THE TASK = Take the material below from its first line through the line containing "Склад набору: Головки" and, please, write those lines again exactly.

ENTRIES SHOWN =
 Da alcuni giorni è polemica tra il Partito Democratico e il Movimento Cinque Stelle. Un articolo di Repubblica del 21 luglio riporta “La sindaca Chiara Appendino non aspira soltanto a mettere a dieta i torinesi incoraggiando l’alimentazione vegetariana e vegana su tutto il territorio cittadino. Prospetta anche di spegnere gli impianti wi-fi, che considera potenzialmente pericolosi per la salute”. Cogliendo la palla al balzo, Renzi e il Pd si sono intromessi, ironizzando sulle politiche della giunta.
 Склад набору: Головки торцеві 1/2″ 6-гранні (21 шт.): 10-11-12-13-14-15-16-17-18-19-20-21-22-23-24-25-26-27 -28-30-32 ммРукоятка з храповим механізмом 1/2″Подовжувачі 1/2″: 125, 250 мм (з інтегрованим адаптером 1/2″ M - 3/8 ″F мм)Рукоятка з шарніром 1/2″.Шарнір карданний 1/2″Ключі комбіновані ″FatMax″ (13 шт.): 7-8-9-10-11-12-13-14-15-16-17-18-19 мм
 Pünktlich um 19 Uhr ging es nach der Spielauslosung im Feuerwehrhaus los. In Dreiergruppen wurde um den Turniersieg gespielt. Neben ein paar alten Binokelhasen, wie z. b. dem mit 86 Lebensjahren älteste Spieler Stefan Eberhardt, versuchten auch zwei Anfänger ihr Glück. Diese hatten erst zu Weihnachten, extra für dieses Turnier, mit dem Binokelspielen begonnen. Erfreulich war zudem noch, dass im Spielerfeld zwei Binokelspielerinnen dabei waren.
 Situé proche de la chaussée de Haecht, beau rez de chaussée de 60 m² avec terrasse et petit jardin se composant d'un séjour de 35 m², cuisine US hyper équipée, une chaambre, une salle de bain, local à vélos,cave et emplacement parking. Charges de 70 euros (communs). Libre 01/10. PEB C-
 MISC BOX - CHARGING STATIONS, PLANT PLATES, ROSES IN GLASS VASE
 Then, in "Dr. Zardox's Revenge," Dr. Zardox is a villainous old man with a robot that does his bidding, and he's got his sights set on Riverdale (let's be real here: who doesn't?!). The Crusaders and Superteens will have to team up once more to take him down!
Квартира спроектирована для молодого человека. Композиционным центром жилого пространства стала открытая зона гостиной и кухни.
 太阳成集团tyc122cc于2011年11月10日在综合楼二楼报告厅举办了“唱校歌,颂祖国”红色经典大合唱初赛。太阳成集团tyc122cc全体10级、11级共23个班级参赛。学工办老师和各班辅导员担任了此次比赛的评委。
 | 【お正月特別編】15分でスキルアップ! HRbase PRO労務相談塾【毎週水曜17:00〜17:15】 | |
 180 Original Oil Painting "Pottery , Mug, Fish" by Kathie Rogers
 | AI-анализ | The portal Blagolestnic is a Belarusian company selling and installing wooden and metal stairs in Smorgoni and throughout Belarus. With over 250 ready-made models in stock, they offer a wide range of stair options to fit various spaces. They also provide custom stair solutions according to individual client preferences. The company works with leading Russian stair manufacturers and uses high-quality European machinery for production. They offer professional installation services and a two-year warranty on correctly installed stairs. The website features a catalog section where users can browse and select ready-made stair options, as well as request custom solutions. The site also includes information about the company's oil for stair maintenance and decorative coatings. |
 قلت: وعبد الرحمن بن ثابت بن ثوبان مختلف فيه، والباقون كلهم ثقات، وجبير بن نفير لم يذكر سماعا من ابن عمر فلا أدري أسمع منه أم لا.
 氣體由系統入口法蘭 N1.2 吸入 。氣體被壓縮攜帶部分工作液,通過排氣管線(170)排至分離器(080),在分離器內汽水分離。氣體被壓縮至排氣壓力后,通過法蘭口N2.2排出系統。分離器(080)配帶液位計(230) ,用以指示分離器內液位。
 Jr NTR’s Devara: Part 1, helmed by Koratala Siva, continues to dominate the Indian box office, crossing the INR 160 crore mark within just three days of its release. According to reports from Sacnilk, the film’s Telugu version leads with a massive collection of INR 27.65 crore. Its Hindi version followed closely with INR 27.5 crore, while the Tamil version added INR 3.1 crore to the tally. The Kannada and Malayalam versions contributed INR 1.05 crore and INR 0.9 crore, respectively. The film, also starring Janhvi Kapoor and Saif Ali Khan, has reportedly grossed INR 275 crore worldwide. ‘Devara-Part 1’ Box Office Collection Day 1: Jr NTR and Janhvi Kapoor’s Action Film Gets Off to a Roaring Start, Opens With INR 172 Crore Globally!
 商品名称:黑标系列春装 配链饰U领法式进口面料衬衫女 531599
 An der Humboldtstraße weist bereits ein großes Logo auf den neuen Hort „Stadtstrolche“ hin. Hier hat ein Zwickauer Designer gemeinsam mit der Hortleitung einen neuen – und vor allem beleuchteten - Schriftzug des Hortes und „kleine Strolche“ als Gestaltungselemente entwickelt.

WORKED SOLUTION =
 Da alcuni giorni è polemica tra il Partito Democratico e il Movimento Cinque Stelle. Un articolo di Repubblica del 21 luglio riporta “La sindaca Chiara Appendino non aspira soltanto a mettere a dieta i torinesi incoraggiando l’alimentazione vegetariana e vegana su tutto il territorio cittadino. Prospetta anche di spegnere gli impianti wi-fi, che considera potenzialmente pericolosi per la salute”. Cogliendo la palla al balzo, Renzi e il Pd si sono intromessi, ironizzando sulle politiche della giunta.
 Склад набору: Головки торцеві 1/2″ 6-гранні (21 шт.): 10-11-12-13-14-15-16-17-18-19-20-21-22-23-24-25-26-27 -28-30-32 ммРукоятка з храповим механізмом 1/2″Подовжувачі 1/2″: 125, 250 мм (з інтегрованим адаптером 1/2″ M - 3/8 ″F мм)Рукоятка з шарніром 1/2″.Шарнір карданний 1/2″Ключі комбіновані ″FatMax″ (13 шт.): 7-8-9-10-11-12-13-14-15-16-17-18-19 мм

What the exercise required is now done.